Data shown Block Start
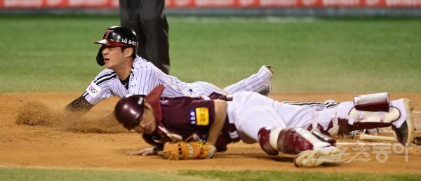 24일 서울 잠실야구장에서 열린 ‘2022 신한은행 SOL KBO리그’ 플레이오프 1차전 LG 트윈스와 키움 히어로즈의 경기에서 6회말 1사 3루 LG의 내야 땅볼 때 3루주자 오지환이 홈으로 파고들어 세이프 되고 있다.
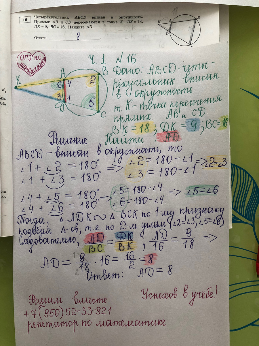 ОГЭ по математике: найти АД четырехугольника АВСД, вписанного в окружность (ч. 1 номер 16)
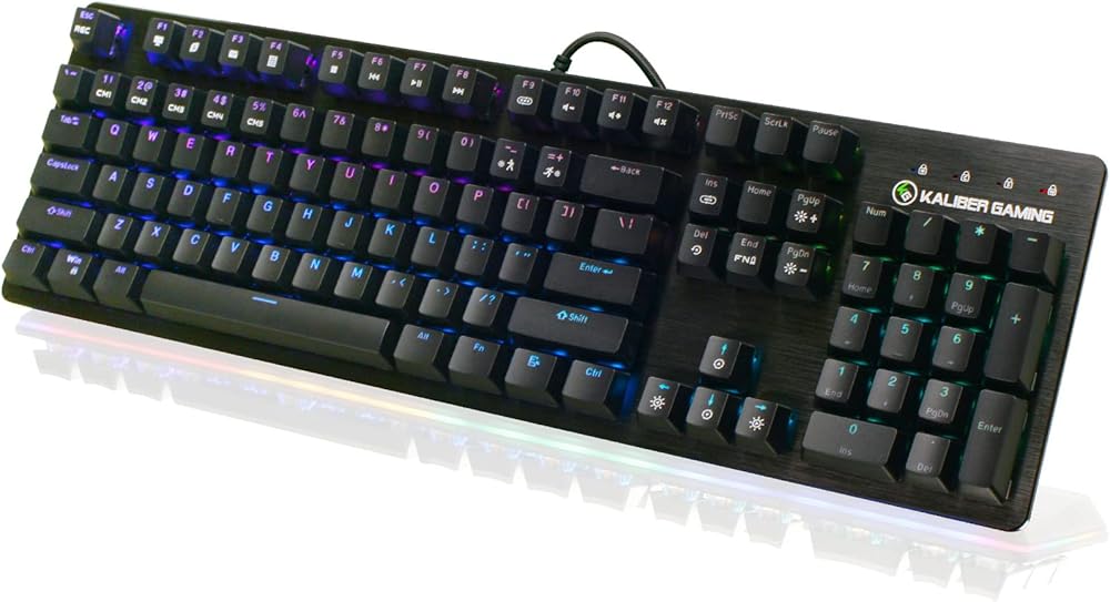 Perfect Keyboard for Work and Play Kaliber Gaming by IOGEAR HVER STEALTH Gaming Keyboard improves on the original RGB mechanical HVER series with updated cosmetic design featuring a rounded and brushed aluminum top plate, 360-degree edge lighting and the namesake hover-style RGB back-lit key. The enhanced brown boxed-style mechanical switches offer accurate, tactile feel while also delivering a quieter but still pronounced keystroke that confirms every actuation. The keyboard also features N-key rollover anti-ghosting technology so you can enjoy reliable gaming without worrying about a keystroke not registering. The HVER STEALTH also features Kaliber Gaming advanced software allowing macro programming and lighting control for a truly customizable experience.
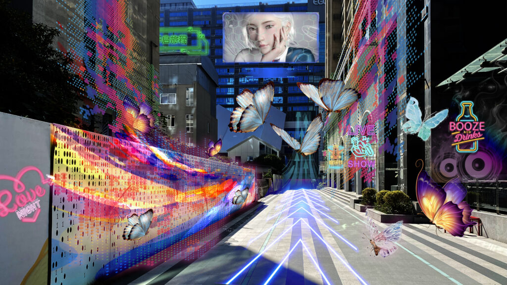 Located in Hangzhou’s bustling commercial core, this project transforms a legendary digital street, rich with nostalgic memories, where the Butterfly Wall and Wishing Tree stand as historic symbols. Shifting from a computer-tech theme to AR and cyber innovation, AR glasses ideally enable this evolution.
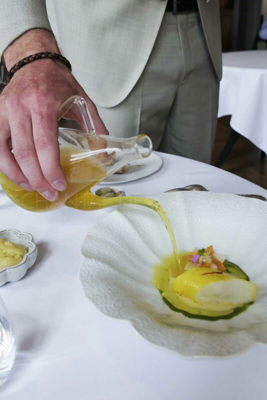 Plat traditionnel de pêcheurs réalisé ici avec la barbue d’Arcachon confite, légumes de gironde, sauce pilpil, aïoli tout en légèreté monté minute avec une huile au safran de Libourne, bouillon de poissons ; une symphonie de saveurs iodées, c’est justement relevé, savoureux, excellent.
Data shown Block End
● The problem
Your reply should be the lines of the records from the start through the line with "Perfect Keyboard for", copied word for word, pictures omitted.

● Your response
 24일 서울 잠실야구장에서 열린 ‘2022 신한은행 SOL KBO리그’ 플레이오프 1차전 LG 트윈스와 키움 히어로즈의 경기에서 6회말 1사 3루 LG의 내야 땅볼 때 3루주자 오지환이 홈으로 파고들어 세이프 되고 있다.
 ОГЭ по математике: найти АД четырехугольника АВСД, вписанного в окружность (ч. 1 номер 16)
 Perfect Keyboard for Work and Play Kaliber Gaming by IOGEAR HVER STEALTH Gaming Keyboard improves on the original RGB mechanical HVER series with updated cosmetic design featuring a rounded and brushed aluminum top plate, 360-degree edge lighting and the namesake hover-style RGB back-lit key. The enhanced brown boxed-style mechanical switches offer accurate, tactile feel while also delivering a quieter but still pronounced keystroke that confirms every actuation. The keyboard also features N-key rollover anti-ghosting technology so you can enjoy reliable gaming without worrying about a keystroke not registering. The HVER STEALTH also features Kaliber Gaming advanced software allowing macro programming and lighting control for a truly customizable experience.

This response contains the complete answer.